Intracellular microelectrode characterization of the rabbit cortical collecting duct

Abstract

Cortical collecting ducts of the rabbit were perfused in vitro and the intracellular potential (Vbl) was measured with KCl-filled microelectrodes. The ratio of apical to basolateral membrane resistance (Ra/Rbl) was estimated from the voltage divider ratio using cable analysis. In control tubules Vbl averaged -84.0 .+-. 2.5 mV and Ra/Rbl was 0.83 .+-. 0.11. Pretreatment of the rabbits with mineralocorticoid caused Vbl to hyperpolarize to -105.8 .+-. 3.1 mV and Ra/Rbl to decrease slightly to 0.62 .+-. 0.10. A 10-fold increase of the luminal [K+] caused a 40.6 .+-. 3.1 mV depolarization of Vbl in control tubules and a 33.0 .+-. 4.2 mV depolarization in tubules from DOCA[deoxycorticosteroid acetate]-pretreated rabbits. Consistent with the existence of a conductive K+ channel at the apical cell membrane, Ra/Rbl decreased in both groups. This apical K+ channel was not sensitive to amiloride but was blocked by Ba2+. Conductive movement of Na+ across the apical membrane was also apparent in that Ra/Rbl increased with amiloride from 0.61 .+-. 0.10 to 1.45 .+-. 0.28. A 10-fold increase in the bath [K+] caused a 28.6 .+-. 3.8 and a 49.4 .+-. 4.4 mV depolarization of Vbl tubules obtained from control and DOCA-pretreated rabbits, respectively. In both groups, Ra/Rbl increased, suggesting that the basolateral cell membrane may contain a conductive K+ channel.
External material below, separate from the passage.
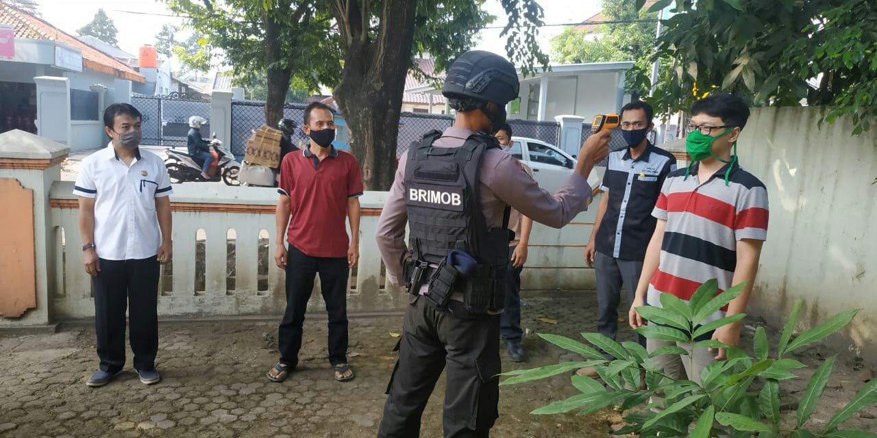 Dalam patroli yang dipimpin oleh Bripka Tjetjep Yon B Por Brimob Banten ini juga melakukan pemeriksaan suhu tubuh kepada para masyarakat yang ada di wilayah tersebut. (AdhyS)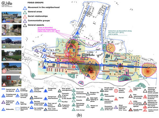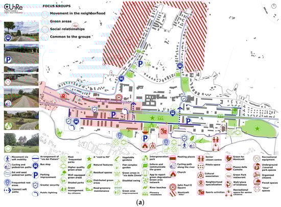 The main results of the research are summarized below in reference to the different steps in the proposed methodology: (a) urban-planning investigation; (b) construction of the neighbourhood health and well-being profile; (c) construction of the climate profile; (d) participatory process with citizens: focus groups; (e) climate and health actions; (f) concept design and identification of pilot projects; (g) assessment and selection of pilot projects. As specified previously, some of these steps—specifically points (a), (b) and (c)—were developed before the pandemic. Others—(d), (e) and (f)—were developed during the COVID-19 lockdown. The last step, (g), is still being developed.

Taken together, the results support a model in which the transepithelial reabsorption of Na+ and the transepithelial secretion of K+ are driven by the Na+-K+-ATPase located in the basolateral cell membrane, with passive movement of these ions occurring through separate conductive pathways in the apical cell membrane.